You choose how you live this life and you only live it once.
You either make it or break it.
face IT. finally, the reality of it all hits me right smack in the face. all he had to do was face it with me, and he finally has. maybe i want to feel sorry, maybe i want to feel sad. maybe i will feel sorry and maybe i might feel sad. but it's just the pain of letting go. once i get past that awful phase i know ill be happy and finally home. its a matter of time and yes, as we all know it, time is a bitch. but when you think of it in the long run, pain transcends to something more profound. it'll just seem like you've been saved by the bell, after all. SIGHS. i am sitting here freezing my butt of in elfs room. Reckon a cold or fever coming on soon, hence the sudden shivers. =/ i got back from macau earlier and its freaking 15 degrees out there mann! and i couldn't handle it. was dying to get back to sunny singapore but by the time i did the sun had already set, and it was windyy..brrrrrrr!
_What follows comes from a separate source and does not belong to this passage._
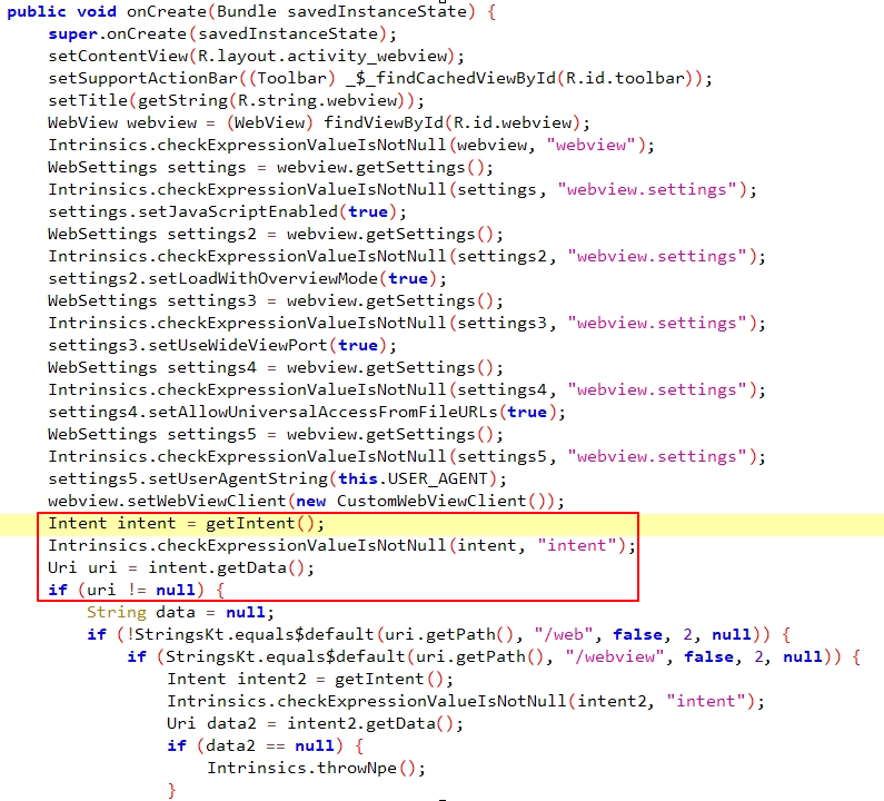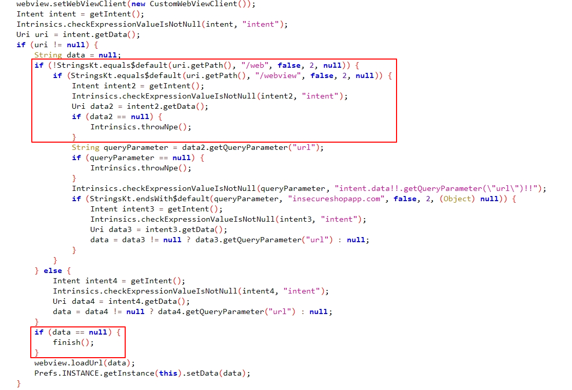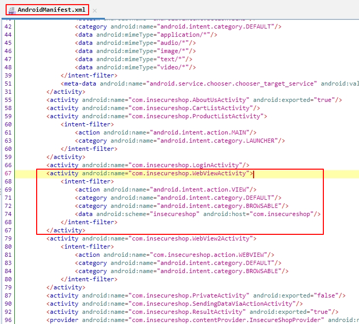 data 태그에 host가 com.insecureshop, scheme이 insecureshop로 정의됨을 확인

The weather and how i am feeling really coincide for sure. 'They' planned it. Thank god i am on OFF the next two days and back to work on sunday. 3 sectors again! this time its in the afternoon, so it ain't too bad. Can't remember what flight i have on Monday but I'm pretty satisfied with this months roster other than the fact that my 5 day leave was NOT approved. pfffft! I'm gonna call the office up tmr. Otherwise those 5 days are burnt. Planning to apply for leave coming april. Going to PHUKET!! with the family. I neeed some fammily loving anyway, and what better place than phuket :) *beams* plus i need a break from my ohh so lame ass life. okk, i feel like getting under them sheets while i wait for elf to get home. toodles.